Work instructions
Leave the pictures out. Retype exactly the lines below from the one containing "ဆက်လက်၍ ပြည်နယ်ဝန်ကြီးချုပ်၊ ပြည်နယ်အစိုးရအဖွဲ့ဝင်များ၊" through the one containing "Be different from", and no others.

### Supplied information

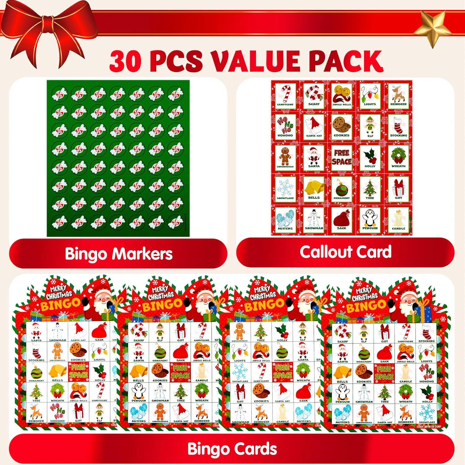 - Quantity: 30 bingo cards, 1 callout card, 8 marker sheets
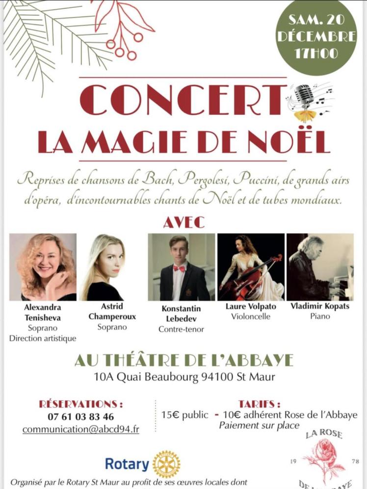 Le 20-12-25 – Saint-Maur-des-Fossés, 19H, Concert de Noël, Laure Volpato, violoncelle, Alexandre Tenisheva, chant, Konstantin Lebedev, chant, Vladimir Kopats, piano
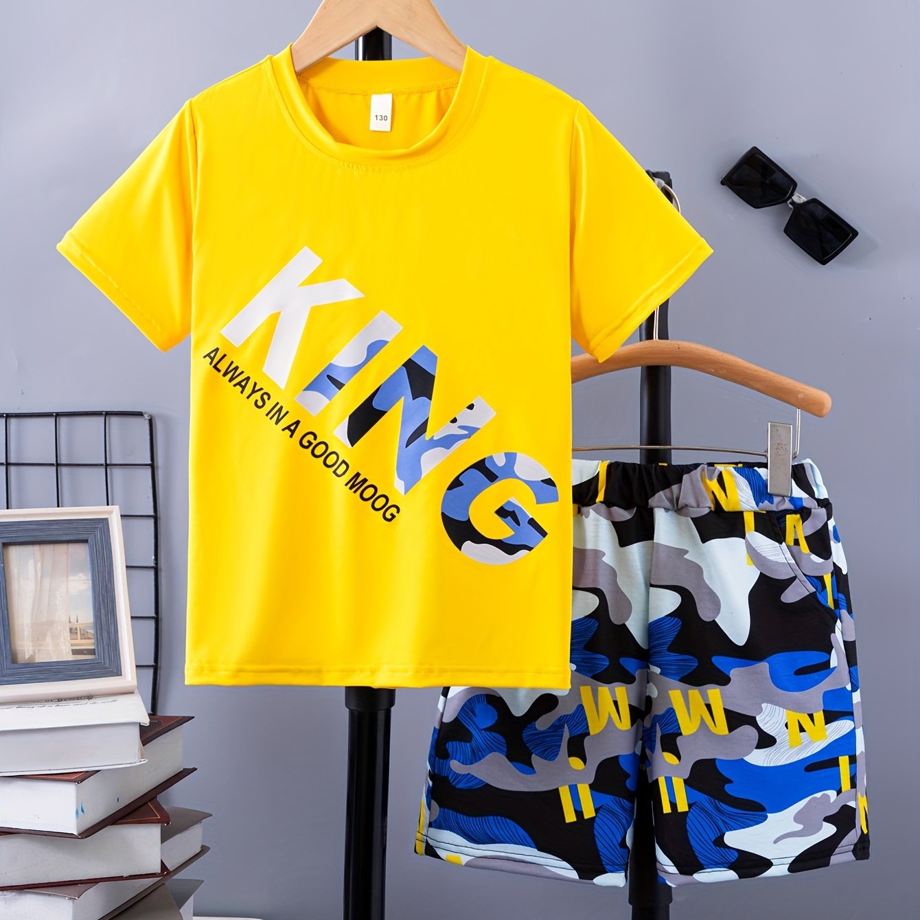 2pcs Boys Casual KING Letter Graphic Print Short Sleeve T-shirt & Camouflage Shorts Set, Comfy Summer Boys Clothes
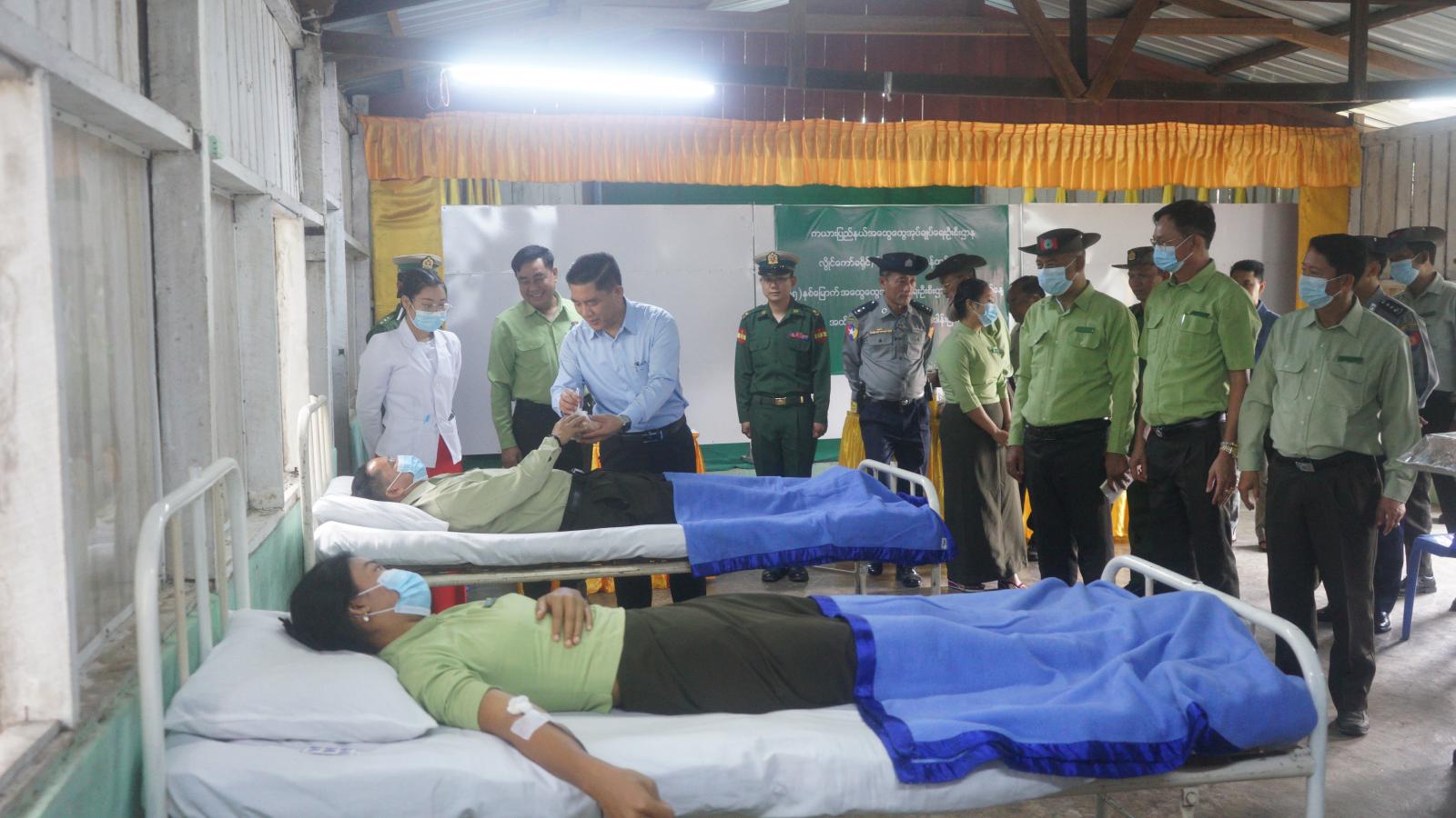 ဆက်လက်၍ ပြည်နယ်ဝန်ကြီးချုပ်၊ ပြည်နယ်အစိုးရအဖွဲ့ဝင်များ၊ ဒေသကွပ်ကဲရေးမှူးနှင့် တာဝန်ရှိသူများသည် တပ်မတော်ဆေးရုံသို့ သွားရောက်၍ လွိုင်ကော်ခရိုင်နှင့် ဒီးမော့ဆိုခရိုင် အထွေထွေအုပ်ချုပ်ရေးဦးစီးဌာနမှ ဝန်ထမ်းများက စုပေါင်းသွေးလှူဒါန်းနေမှုများကို ကြည့်ရှုအားပေးကာ သွေးလှူဒါန်းကြသည့် ဝန်ထမ်းများထံ အားဆေး၊ အချိုရည်၊ ကြက်ဥ၊ ဌက်ပျောသီး စသည့် အာဟာရဖြည့်စွက်စာများ ထောက်ပံ့ပေးအပ်ခဲ့သည်။
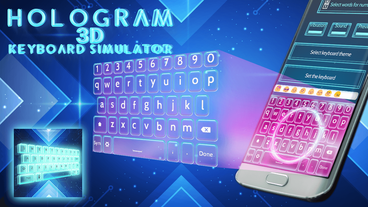 Be different from others and original – use this free “flash keyboard” app that will make your phone stand out in the mass of dull mobile phones! Download our 💎 Hologram 3D Keyboard Simulator 💎 and watch your phone shine with a whole new glow! This app is specially designed for people who love hologram designs, neon wallpapers, 3D wallpapers or tech wallpapers. It´s a simulator of three-dimensional laser projection and it’s the best free app with many beautiful themes and customization with color, layout, font and many languages.
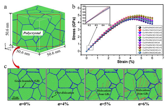 Based on the MD simulation, the results of yield stress and Young’s modulus are classified into two groups. Meanwhile, the prediction results (‘Good’ or ‘Weak’) are given by the ML model. The comparison results of MD simulation and ML prediction are listed in Table 2. For yield stress, it was found that the ML model can give a correct prediction on nine tested samples, with only P4 for an exception. The accuracy is consistent with the prediction of single-crystal samples (~90%). However, the ML model failed to predict Young’s modulus of four (P2, P5, P9, and P10) out of the ten tested samples; the predictive accuracy is much lower than that in the case of the single crystal. This deviation is mainly attributed to the grain boundaries in the polycrystal sample. Experiments and simulations have proved that the existence of grain boundaries has an important effect on the mechanical properties of materials [45,46,47,48]. As mentioned, the yield stress depends mainly on the nucleation of the first set of dislocations [24]. The stress required for dislocation nucleation at grain boundary is much lower than that required for nucleation of the single-crystal sample with defect-free structure [35,49], so the yield stress of polycrystal samples shows an overall decreasing trend when compared with single-crystal samples. In addition, similar to the single-crystal sample, dislocation nucleation is still the main reason for polycrystal samples to yield under the current grain size. Taking Cu28Fe13Ni23Cr8Co28 as an example, Figure 7c shows the configuration of the sample at different deformation stages under tension. These snapshots are the cross-sectional view of the sample along [110] direction. It can be seen that the yielding of the sample occurs at tensile strain between 4~5%, which corresponds to the initial dislocation nucleation at the grain boundaries. After that, the system stress decreases rapidly with higher density of dislocations nucleated from grain boundaries. Meanwhile, it is shown that the configuration of the grain boundary network has not changed substantially near the yielding point, indicating that the presence of grain boundaries does not play an important role in the yield process of the polycrystal sample for the current grain size, and thus has almost no impact on the prediction accuracy of ML on the yield stress task.

######

Task answer
 ဆက်လက်၍ ပြည်နယ်ဝန်ကြီးချုပ်၊ ပြည်နယ်အစိုးရအဖွဲ့ဝင်များ၊ ဒေသကွပ်ကဲရေးမှူးနှင့် တာဝန်ရှိသူများသည် တပ်မတော်ဆေးရုံသို့ သွားရောက်၍ လွိုင်ကော်ခရိုင်နှင့် ဒီးမော့ဆိုခရိုင် အထွေထွေအုပ်ချုပ်ရေးဦးစီးဌာနမှ ဝန်ထမ်းများက စုပေါင်းသွေးလှူဒါန်းနေမှုများကို ကြည့်ရှုအားပေးကာ သွေးလှူဒါန်းကြသည့် ဝန်ထမ်းများထံ အားဆေး၊ အချိုရည်၊ ကြက်ဥ၊ ဌက်ပျောသီး စသည့် အာဟာရဖြည့်စွက်စာများ ထောက်ပံ့ပေးအပ်ခဲ့သည်။
 Be different from others and original – use this free “flash keyboard” app that will make your phone stand out in the mass of dull mobile phones! Download our 💎 Hologram 3D Keyboard Simulator 💎 and watch your phone shine with a whole new glow! This app is specially designed for people who love hologram designs, neon wallpapers, 3D wallpapers or tech wallpapers. It´s a simulator of three-dimensional laser projection and it’s the best free app with many beautiful themes and customization with color, layout, font and many languages.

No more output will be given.